All that being said, there is little doubt in my mind that certainly centres are experiencing bubbles for all of the reasons mentioned above.  Let’s consider a graph comparing the change in US and Canadian real estate over the past 10 years:

Simply based on the rules above, we see that we have a pretty strong increase in house prices over a relatively short period of time.  We know that we have lived through a period of cheap, easy credit.  We know that consumer sentiment on real estate is still wildly bullish.  The one thing that is not necessarily present in all cities is a ‘new era’ mentality, though it is rampant in Vancouver.

With all that in mind, let’s turn our attention to Mr.

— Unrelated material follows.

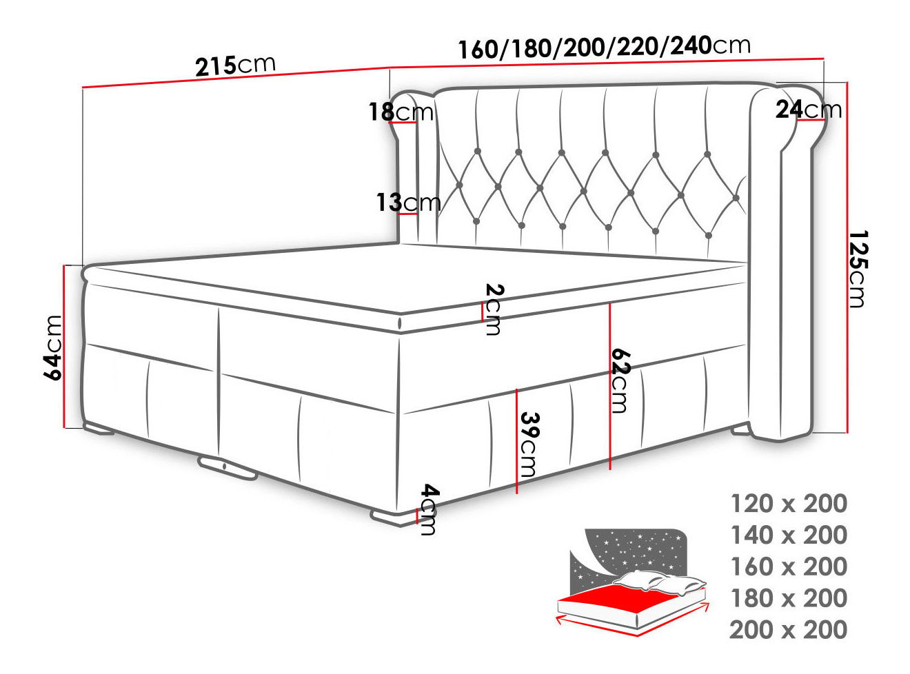 Postel je ideální volbou pro ty, kteří hledají pohodlí a styl. Kontinentální postel Piuret se vyznačuje moderním designem, masivní konstrukcí a vysokou kvalitou použitých materiálů, které budou své uživatele těšit bezvadným vzhledem postele dlouhá léta. Konstrukce postele do ložnice je založena na pevném základě, ve kterém jsou prostorné přihrádky na lůžkoviny, pohodlná matrace Pocket spring, čalouněné čelo a topper - povrchová matrace zvyšující pocit pohodlí a relaxu. Kontinentální postel Piuret je vybavena chromovými nohami, které dodávají celku charakter a mají možnost výběru barev z možností dostupných v produktové kartě. Dostupné rozměry: - 120 - délka: 215 cm, šířka: 160 cm, výška: 125 cm, plocha na spaní: 120 x 200 cm, - 140 - délka: 215 cm, šířka: 180 cm, výška: 125 cm, plocha na spaní: 140 x 2 šířka: 200 cm, výška: 125 cm, plocha na spaní: 160 x 200 cm, - 180 - délka: 215 cm, šířka: 220 cm, výška: 125 cm, plocha na spaní: 180 x 200 cm, - 200 - délka: 215 cm, šířka: spaní: 200 x 200 cm Provedení: postel není volně stojící, záda jsou čalouněná postel se dvěma úložnými prostory na ložní prádlo jako standard, na obou stranách postele, zvedání obou částí díky pružinám, dělá obsluhu velmi jednoduchou a lehkou, pružiny m2, (kosterní systém je dobře podepřený a přirozené zakřivení těla zachováno), vysoce flexibilní pěna T30, tvrdost matrace (střední vrstva postele): H2/H3, pěna - vysoce flexibilní pěna 3 cm (vyznačující se mimořádnou elasticitou, pružností a zároveň prodyšností), prošívaná 5 cm, Ostatní: chromované nohy Možnost nákupu: Noční stolek Umaru v barvách postele Rozměry úložného prostoru: výška: 33 cm délka: (úložný prostor je rozdělen na dvě části): 120 / 200 – 57 x 197 a 57 x 197 190 / 200 Záruka: 24 měsíců
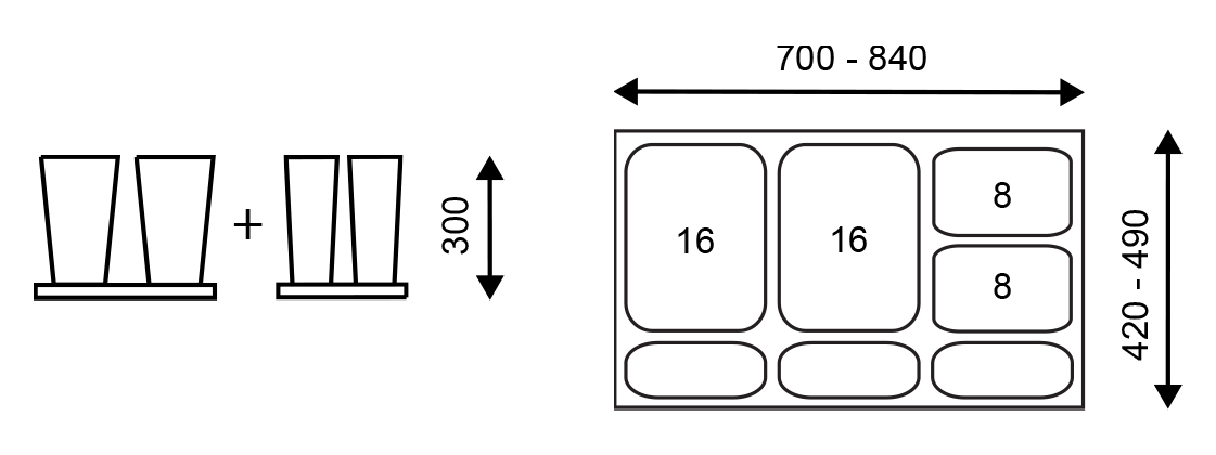 - Perforated bottom of base for cutting to fit a drawer, can be adjusted to the depth and width of the drawer, up to 5 cm (shortening).

Grantham.

Grantham on asset bubbles:  Their importance to investors and why they occur

The full must-read report can be read here.  The portion on bubbles is in section 2.   I will highlight a few of the important quotes and add some commentary.

“But asset bubbles don’t spring out of the ground entirely randomly. They usually get started based on something real – something new and exciting or impressive, like unusually strong sales, GDP, or profits, which allow the imagination to take flight. Then, when the market is off and running, momentum and double counting (among other factors) allow for an upward spiral far above that justified by the fundamentals.  There is only one other requirement for a bubble to form, and that is a generous supply of money. When you have these two factors – a strong, ideally nearly perfect economy and generous money – you are nearly certain to have a bubble form.”

This encompasses a few of the key points from above.  If we make the connection to real estate, we had strong, organic economic growth since the late 90s.  We ran ran budget surpluses in the early 2000s.   After the dot-com bubble burst, two additional psychological factors were kicked into play:  interest rates cratered and many people were spooked away from stocks and towards other assets.

Since 2006, we’ve had a fairly stable erosion in lending standards with down payments dropped to 5% (with a brief foray into 0 down mortgages).  This is a far cry form the standard 20% down that had been the minimum criteria for most of CMHC’s existence.  Additionally, amortization lengths were extended from 25 years to a maximum of 40 years.  After March 18, this mistake will largely be corrected as the max amortization will move back to 30 years.

“…In the efficient market view, when a bubble forms, it is seen as a paradigm shift – a genuine shift in the very long-term value of an asset class or an industry. If that were the reason – a fundamental change, not the package of basically behavioral factors we’ve described – then what would happen following these peaks in an efficient world?  Why, the prices would wander off on an infinite variety of flight paths, half of them upwards and half downwards with, I suppose, one or two nearly sideways.  What happens exactly in our inconvenient real world? All of them go back to the original trend, the trend that was in place before the bubble formed.”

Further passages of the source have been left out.